Penyelenggaraan pos dikategorikan sebagai kegiatan prioritas dan strategis dalam urusan pengiriman dan pendistribusian surat, barang, dan transaksi keuangan ke seluruh belahan dunia. Diperlukan sistem jaringan interkoneksi di antara para pemain, baik di dalam maupun di luar negeri. Pemerintah melalui Kementerian Komunikasi dan Informatika mendorong dijalinnya hubungan kerja sama antar-penyelenggaran pos nasional dari berbagai bangsa secara erat dengan melonggarkan pintu masuk melalui berbagai katup regulasi.
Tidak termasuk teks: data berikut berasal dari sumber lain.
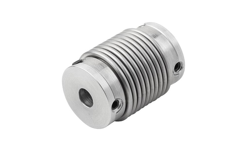 Spielfreie Miniatur-Metallbalgkupplungen mit hoher Verdrehsteifigkeit. Der Metallbalg gleicht axialen, radialen und winkeligen Wellenversatz bei geringen Rückstellkräften aus. Mit Gewindestift zur Wellenbefestigung.
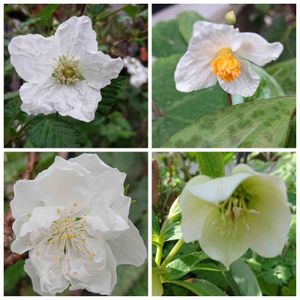 今年も小さな庭で白いお花が、咲き始めました。 ↘️のレンテンローズ(クリスマスローズ)だけは、今年はじめて咲いてくれたニューフェース😊。ずっと🌿が、一枚で三年あまり。苦節三年🤣。

Tinggal bagaimana para penyelenggara pos merumuskan model perjanjian kerja sama (PKS) antarpenyelenggara dengan tetap mengacu pada koridor yang menjadi mandatori Perhimpunan Pos Sedunia (Universal Postal Union/UPU). Kerja sama dimaksud termasuk kemungkinan dibangunnya aliansi usaha bersama yang mampu mendorong terjadinya koloni baru usaha perposan nasional sehingga terjadi penyerapan tenaga kerja potensial di dalam negeri.
Undang-Undang Pos
Di saat iklim investasi Indonesia mengalami transisi dari yang awalnya rumit dan berbelit, menjadi cepat dan sederhana, bisnis pos nasional mulai dilirik investor asing. Para pengusaha bidang pos dalam negeri melihat kondisi ini sebagai peluang emas, untuk makin mengepakkan sayapnya meluaskan jaringan baru di Indonesia. Kondisi tersebut didukung dengan lahirnya Undang-Undang tentang Pos Nomor 38 Tahun 2009 sebagai pengganti Undang-Undang Nomor 6 Tahun 1984 karena dianggap sudah tidak relevan.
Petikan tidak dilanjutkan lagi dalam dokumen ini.